- Born: 1947-03-02 Saint-Julien-des-Landes
- Occupations: Producer, art director

= Claude-Eric Poiroux =

Claude-Eric Poiroux is a French producer, art manager, festival curator, founder of the Angers European First Film Festival film festival and the General Director of the Europa Cinemas theatre network.

== Childhood ==
Poiroux was born to a family of farmers. As he recalls, he had seen the first movie only at the age of 11. His family was far from the world of art and Poiroux discovered cinema it through his French teacher, a cinephile.

== Career ==
Poiroux is called a key figure in European cinema. Through the years, he worked as a film-club animator, cinema lecturer, producer and distributor, etc. He founded and managed the movie theater Les 400 Coups in Angers. In 2005, with Jeanne Moreau he established Les Ateliers d’Angers, an annual festival of workshops and event aimed to further train and educate young filmmakers.

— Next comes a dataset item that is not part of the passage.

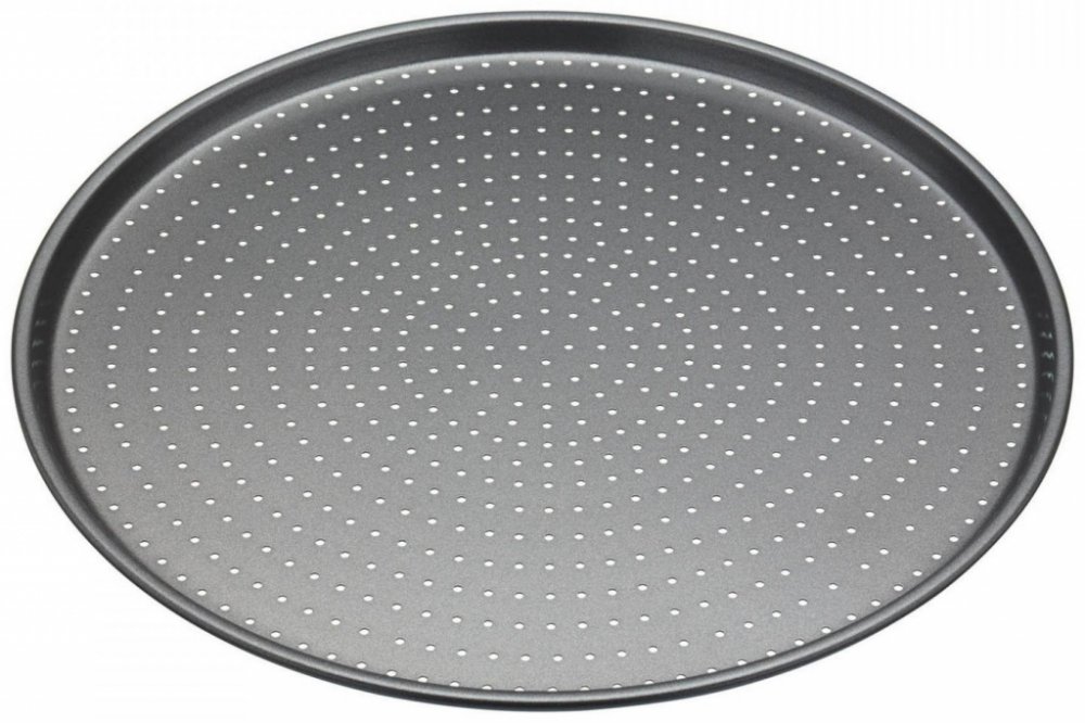 Kitchen Craft Kulatý plech na pečení Pizza Tray ⌀ 32 cm, šedá barva, kov. Není nad křupavou pizzu! Díky tomuto kulatému plechu se vám každá povede! Forma má malé dírky na spodní straně, takže teplý vzduch může proudit i na spodní stranu těsta a díky tomu, bude vždy přesně taková, jak ji máte nejraději.

Poiroux has been the General Director of the Europa Cinemas theatre network since its foundation in 1992. The network was created to provide operational and financial support to cinemas, it collaborated with the European Commission Media program and grew into a vast community with active membership. By 2023, it united 1,221 cinemas in 38 countries. In May 2023, he stepped down from his role as general director, succeeded by Fatima Djoumer.

He is a Chevalier of the Légion d’honneur, he was also awarded with the Ordre des Arts et des Lettres and the Ordre des Palmes académiques.